***** Source material

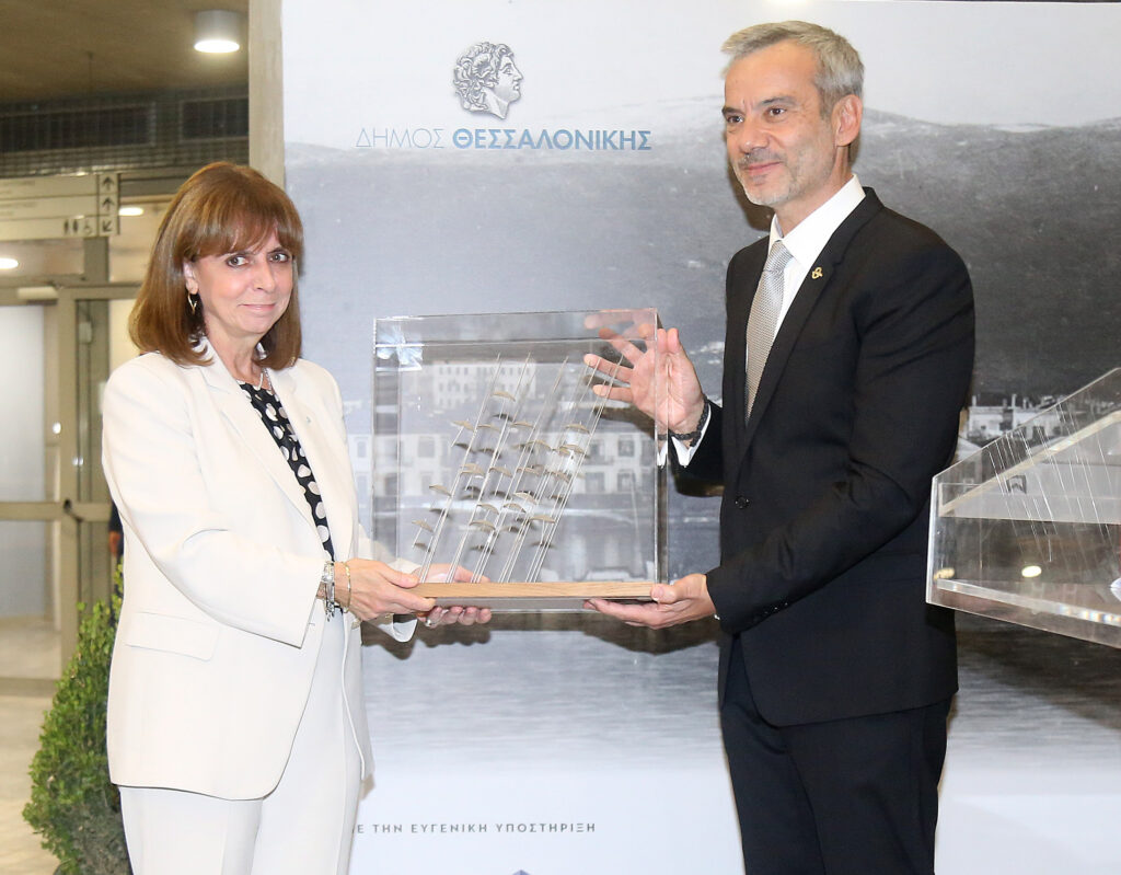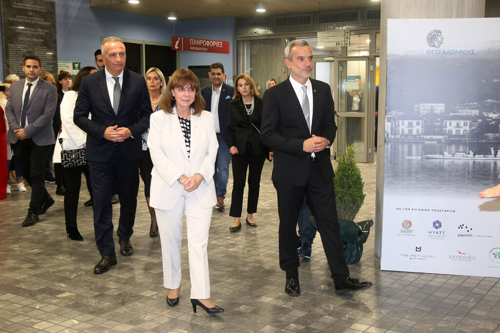 Την Πρόεδρο της Δημοκρατίας Κατερίνα Σακελλαροπούλου υποδέχθηκε απόψε (26/10), στο Δημαρχείο, ο Δήμαρχος Θεσσαλονίκης Κωνσταντίνος Ζέρβας, στο πλαίσιο εκδήλωσης προς τιμήν της, με την ευκαιρία της εορτής του Πολιούχου Αγίου Δημητρίου και της απελευθέρωσης της πόλης.
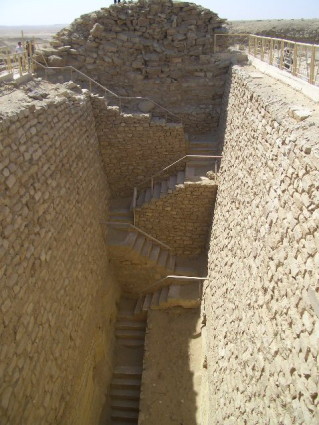 This is from the bottom of the entrance to the tomb looking up the 'stairs' they put in. The opening is only about 4 foot by 4 foot.
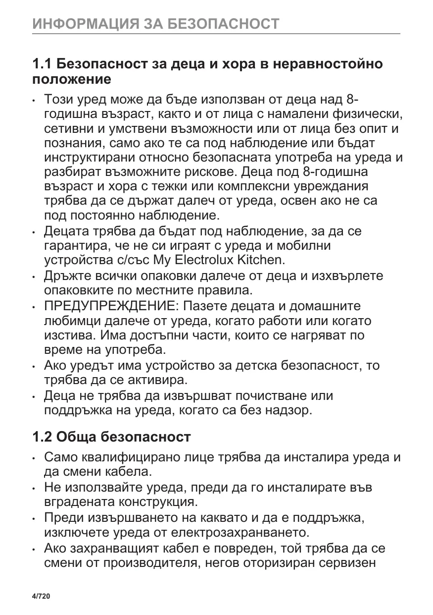 Veillez à ce que les enfants ne jouent pas avec l’appareil et les appareils mobiles avec My Electrolux Kitchen. Ne laissez pas les emballages à la portée des enfants et jetez-les convenablement. AVERTISSEMENT : tenez les enfants et les animaux éloignés de l'appareil lorsqu'il est en cours de fonctionnement ou lorsqu'il refroidit. Les parties accessibles deviennent chaudes en cours d'utilisation. Si l'appareil est équipé d'un dispositif de sécurité enfants, nous vous recommandons de l'activer. Le nettoyage et l'entretien par l'usager ne doivent pas être effectués par des enfants sans surveillance.
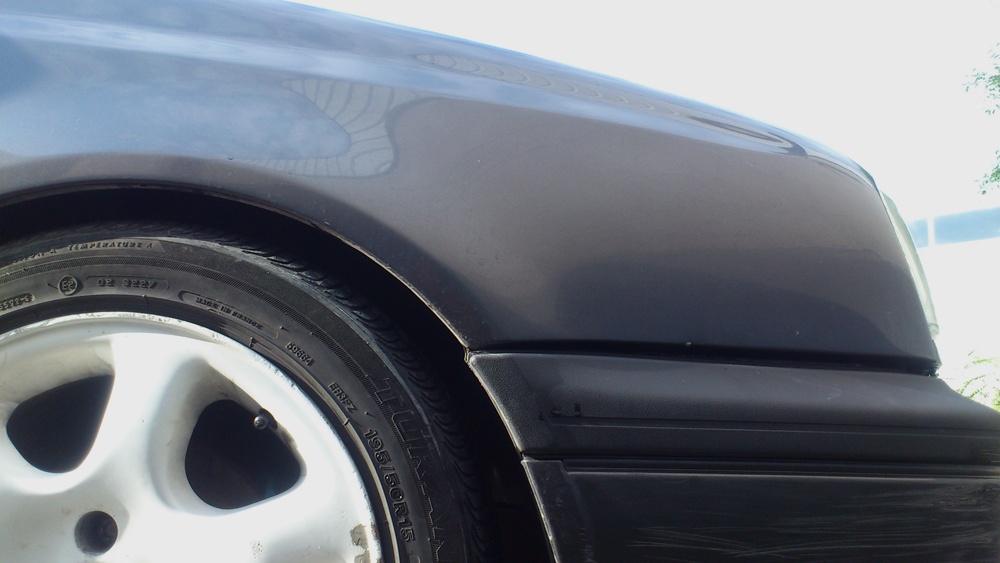 Ето резултатът след слагането на новите гуми 195/50 R15 и слагането на спортни пружини само отпред за сега.

**********

- _Exercise objective_: Leaving the pictures out, set down all of the data again exactly.

- _Your response_:
 Την Πρόεδρο της Δημοκρατίας Κατερίνα Σακελλαροπούλου υποδέχθηκε απόψε (26/10), στο Δημαρχείο, ο Δήμαρχος Θεσσαλονίκης Κωνσταντίνος Ζέρβας, στο πλαίσιο εκδήλωσης προς τιμήν της, με την ευκαιρία της εορτής του Πολιούχου Αγίου Δημητρίου και της απελευθέρωσης της πόλης.
 This is from the bottom of the entrance to the tomb looking up the 'stairs' they put in. The opening is only about 4 foot by 4 foot.
 Veillez à ce que les enfants ne jouent pas avec l’appareil et les appareils mobiles avec My Electrolux Kitchen. Ne laissez pas les emballages à la portée des enfants et jetez-les convenablement. AVERTISSEMENT : tenez les enfants et les animaux éloignés de l'appareil lorsqu'il est en cours de fonctionnement ou lorsqu'il refroidit. Les parties accessibles deviennent chaudes en cours d'utilisation. Si l'appareil est équipé d'un dispositif de sécurité enfants, nous vous recommandons de l'activer. Le nettoyage et l'entretien par l'usager ne doivent pas être effectués par des enfants sans surveillance.
 Ето резултатът след слагането на новите гуми 195/50 R15 и слагането на спортни пружини само отпред за сега.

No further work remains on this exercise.